Jeffrey L. Rittberger of New Concord, Ohio, a stockbroker associated with Huntington Investment Company, was fined $10,000 and suspended for forty-five days from association with any Financial Industry Regulatory Authority (FINRA) member in all capacities after consenting to findings that he made unsuitable recommendations to firm customers. Letter of Acceptance, Waiver and Consent, No. 2013036874902 (Nov. 20, 2015).
According to the AWC, between December 2012 and February 2013, Rittberger had participated in the recommendation of purchases of municipal unit investment trusts (UITs) which totaled $198,000 to five of the firm’s customers. Rittberger reportedly failed to conduct reasonable diligence regarding the UITs prior to participating in the recommendations and lacked an understanding of the product’s potential risks and rewards.
FINRA defines a unit investment trust is a type of investment company that issues securities (referred to as units) representing undivided interests in a relatively fixed portfolio of securities. The securities are generally issued by a sponsor that assembles the UIT’s portfolio of securities, deposits the securities into a trust, and then sells units of the UIT in a public offering. The units are redeemable securities that are issued for a specific term, where each investor is entitled to receive a proportionate share of the UIT’s net assets upon redemption or termination.
The AWC indicated that Rittberger used a consistent pitch to ascertain customers’ interest in the Municipal UITs, telling the customers that the UITs had historically earned five percent annual returns and were expected to continue to perform well, despite there being no guarantees. The AWC stated that after Rittberger had determined the customers’ interest and completed paperwork for the customers, he passed the relevant information to his colleagues, Series 7 registered representatives, for completion of the sale. The AWC indicated that colleagues did not follow up with customers to discuss their investment goals and the UITs in greater detail prior to completing and submitting paperwork.
The AWC further stated that Rittberger, who learned about the UITs solely through brief conversations with his registered representative colleagues, did not perform any other reasonable due diligence on the UITs prior to recommending them to customers. Specifically, FINRA claimed that Rittberger failed to read the prospectuses or literature for the UITS and failed to learn about UITs from wholesalers or other employees of the issuing product sponsor. FINRA found that Rittberger therefore failed to know about how the closed end funds in the UIT’s portfolios were leveraged or understood the associated effect of the leverage; failed to know that that the closed end funds could invest in junk bonds or understand the risk associated with such; failed to understand the volatility that the closed end funds and UITs were subject to; failed to know that the closed end funds invested in bonds whose maturities did not match the trusts’ termination dates; failed to understand the liquidity and secondary market for the UITs; and failed to understand how the UIT investments would be valued at the trust termination.
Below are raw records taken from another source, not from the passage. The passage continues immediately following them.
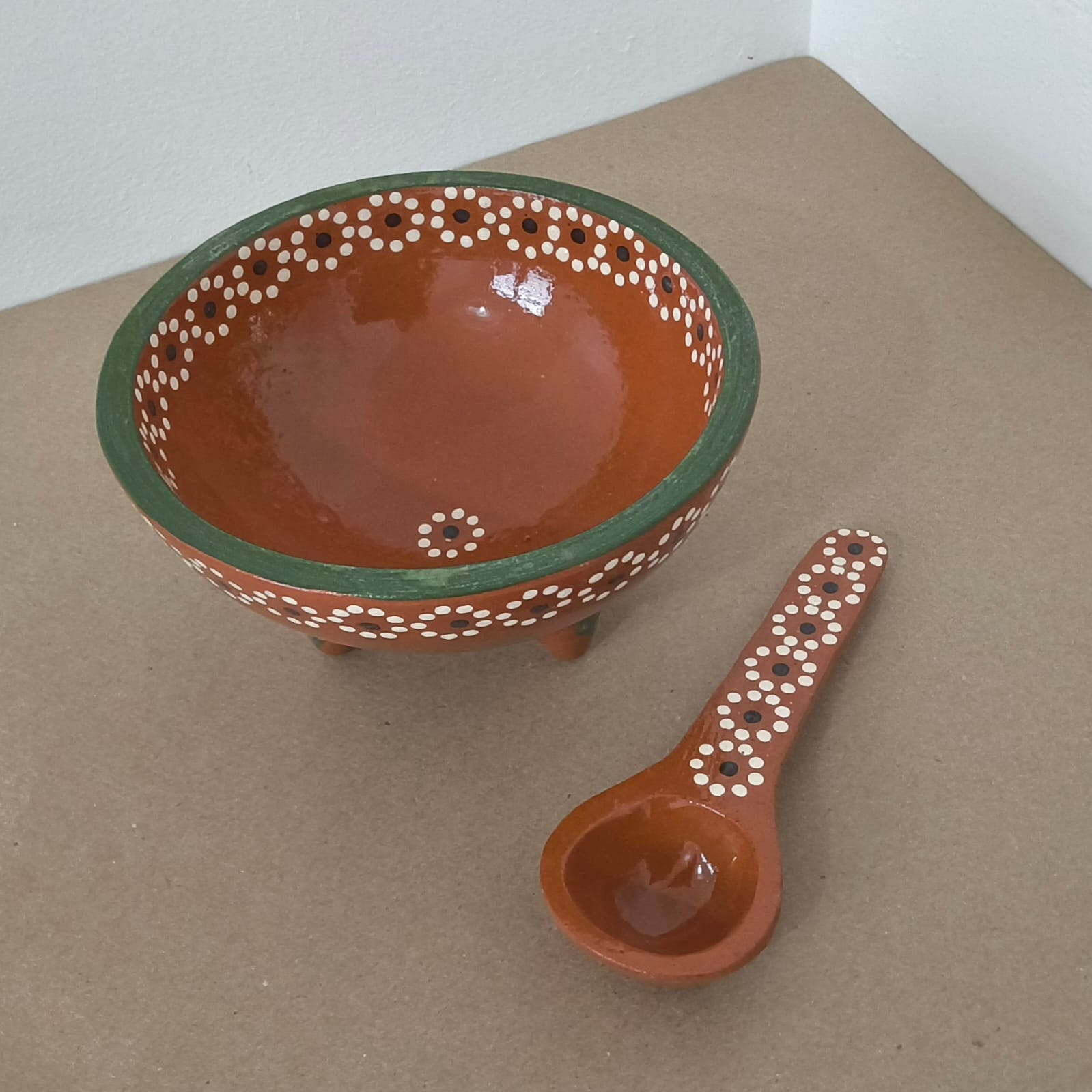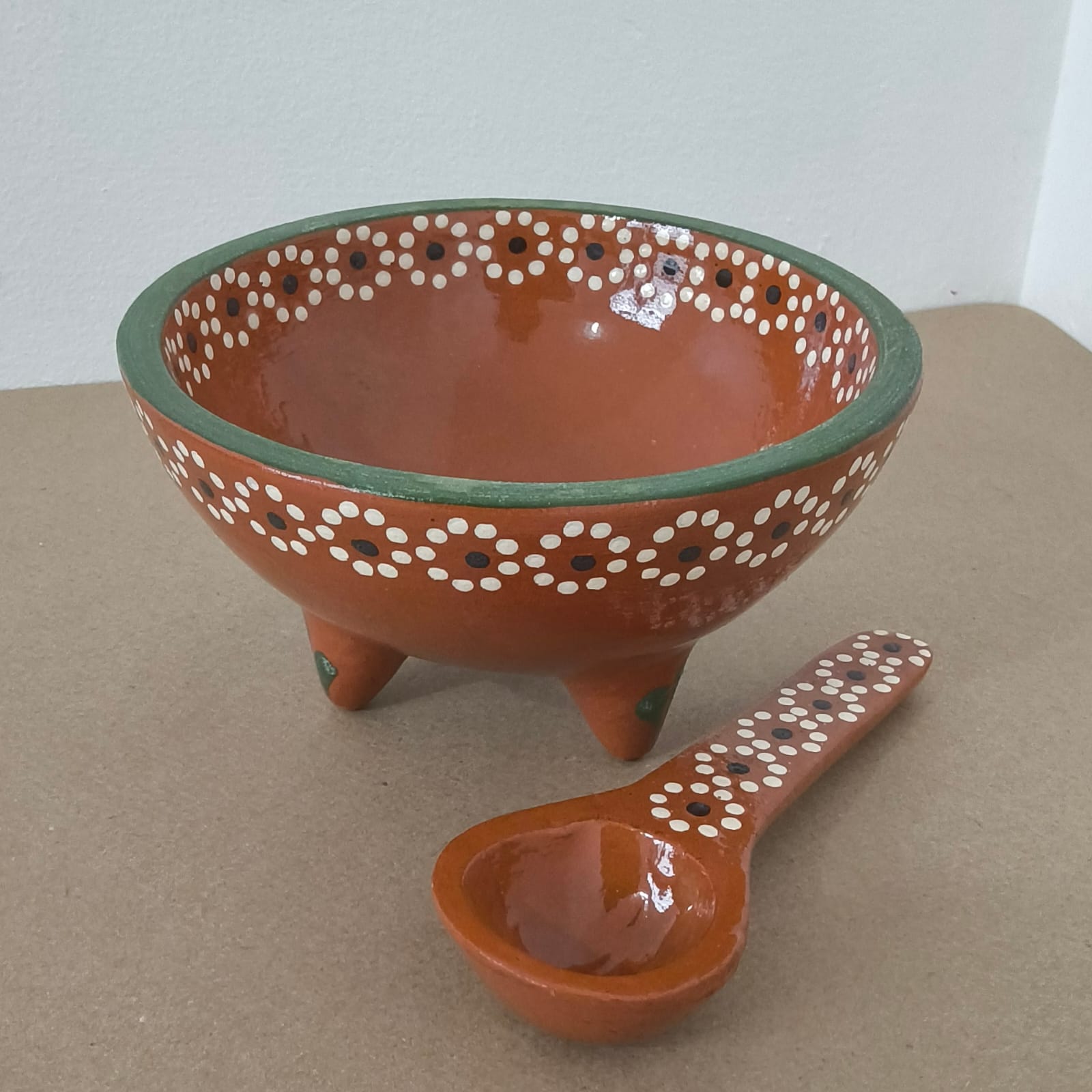 | Salsero en forma de molcajete originario de Capula, con el tramado característico de la zona. Fondo de color sólido con sellos florales al rededor. Todo esmaltado y elaborado en barro. Ideal para salsas o botanas. Medidas: Diámetro: 17.5 cms., Altura: 9.5 cms. Capacidad: 600 ml. Pieza libre de plomo. |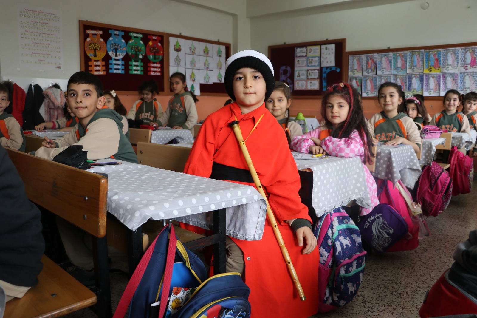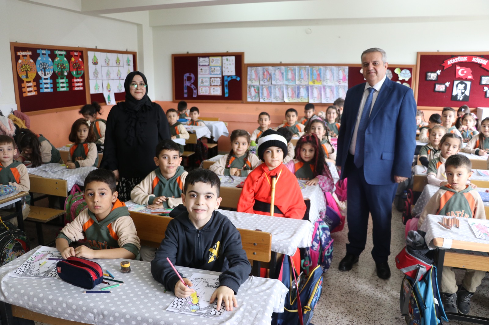 Fatih İlkokulu 1/C sınıfı öğretmeni Zeynep Bağcı, serbest etkinlikler ve görsel sanatlar dersinde, dersleri görsellik üzerine işliyor.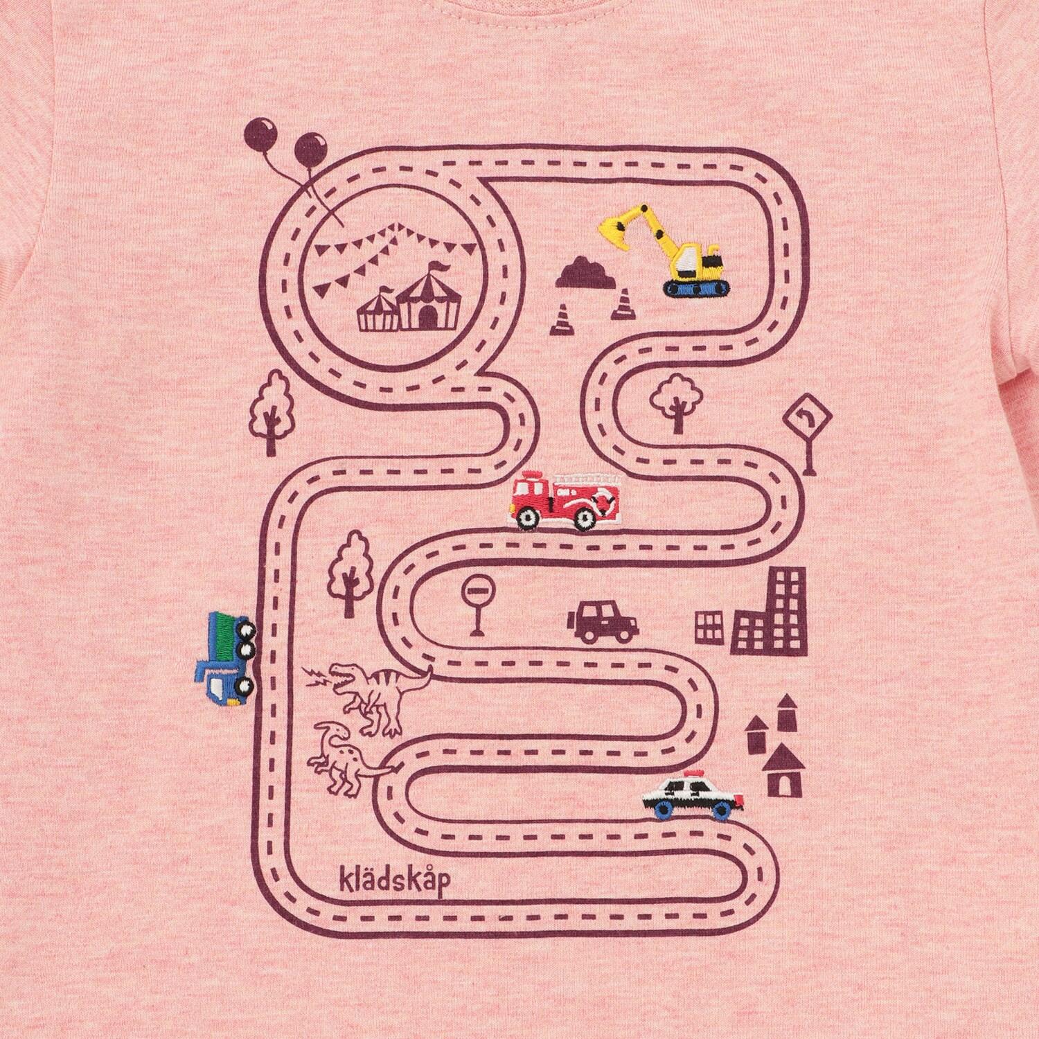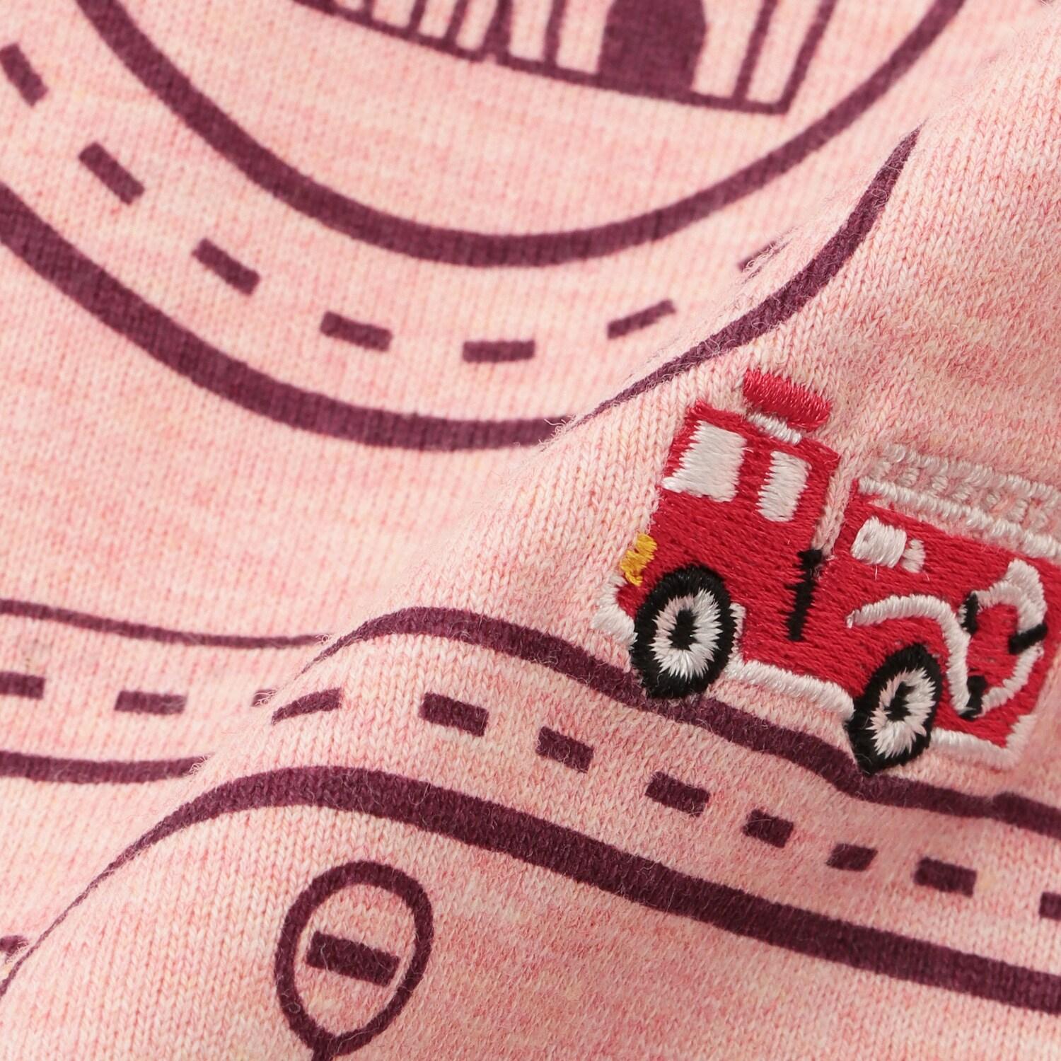這件 T 恤上的工作車和道路圖案非常吸引人。

FINRA Conduct Rule 2111 provides that a member or an associated person must have a reasonable basis to believe that a recommended transaction or investment strategy involving a security or securities is suitable for the customer, based on the information obtained through the reasonable diligence of the member or associated person to ascertain the customer’s investment profile.
A customer’s investment profile includes, but is not limited to, the customer’s age, other investments, financial situation and needs, tax status, investment objectives, investment experience, investment time horizon, liquidity needs, risk tolerance, and any other information the customer may disclose to the member or associated person in connection with such recommendation.
Public disclosure records reveal that Rittberger was subject to a customer dispute on June 13, 2013, where he settled with the customer for $17,670.13 amid allegations of misrepresentation in the sale of the unit investment trust that the customer purchased.